*DATA SECTION*.
#####

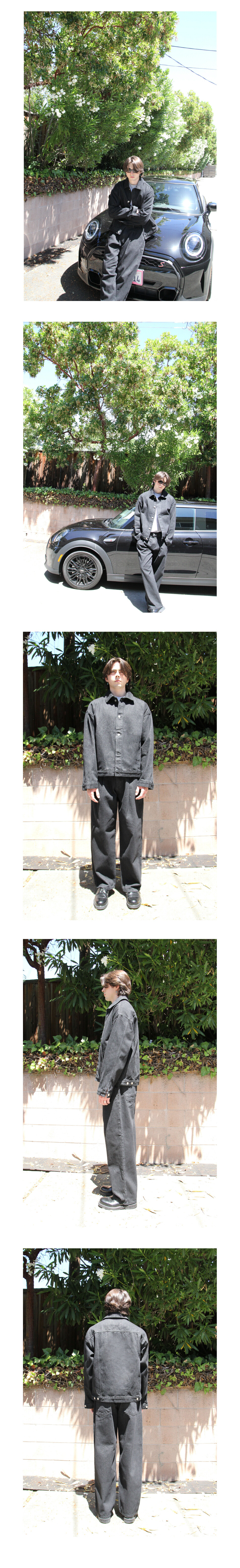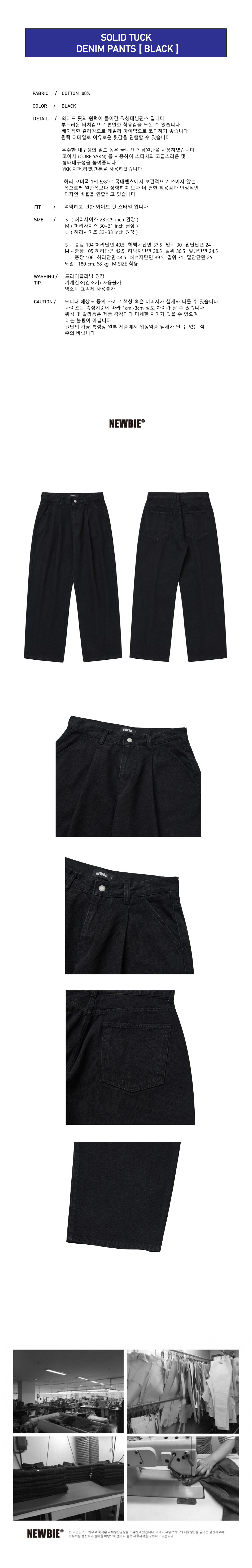 Solid tuck denim pants / black
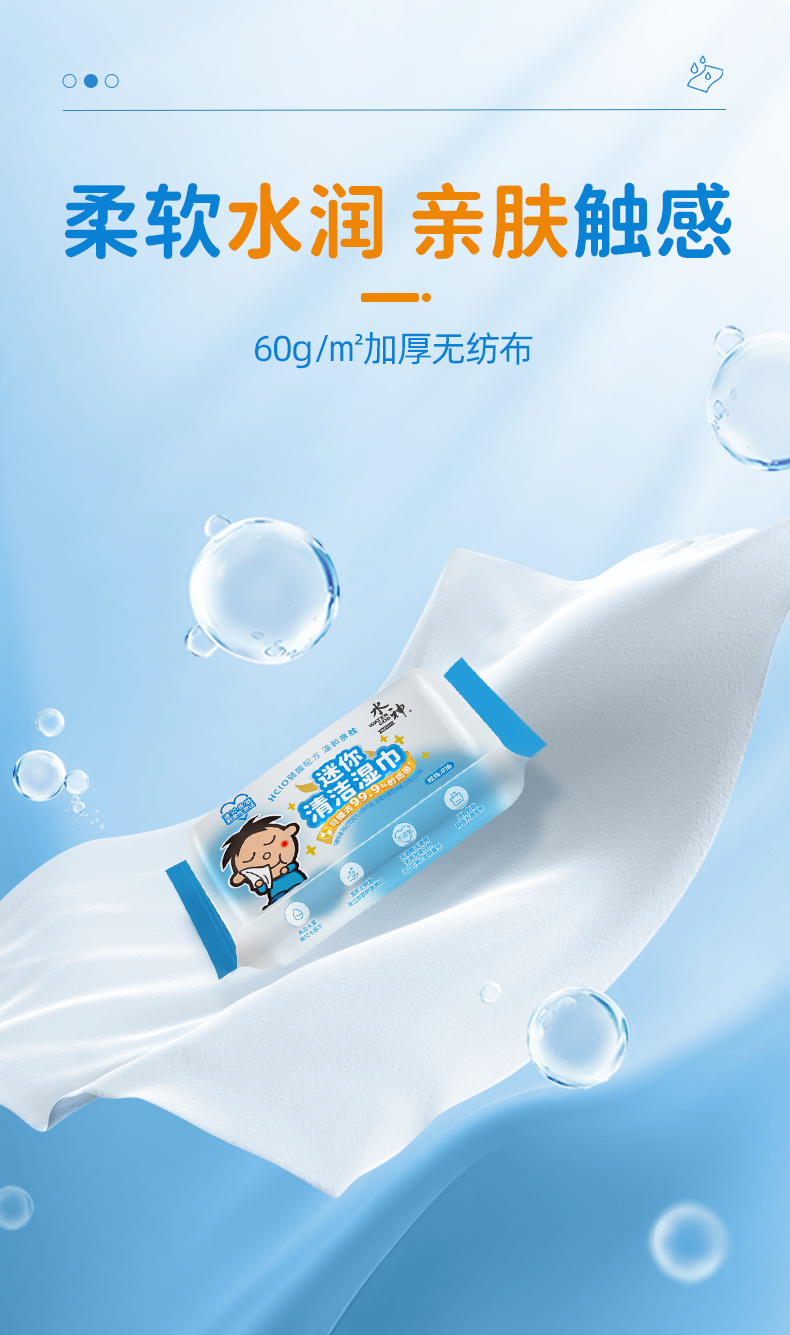 水神迷你清洁湿巾采用HCIO弱酸配方,可擦除99.9%的细菌,通过皮肤刺激测试,用得安心,擦得放心。
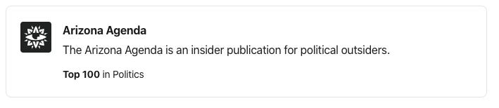 We did notice that our little badge thing says we’re in the top 100 of politics Substacks. We didn’t have that before; we don’t know how many there are in our category overall. But we’ll choose to believe that we’re moving up in the world.

#####

*WHAT THE TASK ASKS*. The copy has to start at the line that contains "水神迷你清洁湿巾采用HCIO" and end at the last line of the material above, matching the original exactly and holding no pictures.

*EXERCISE ANSWER*.
 水神迷你清洁湿巾采用HCIO弱酸配方,可擦除99.9%的细菌,通过皮肤刺激测试,用得安心,擦得放心。
 We did notice that our little badge thing says we’re in the top 100 of politics Substacks. We didn’t have that before; we don’t know how many there are in our category overall. But we’ll choose to believe that we’re moving up in the world.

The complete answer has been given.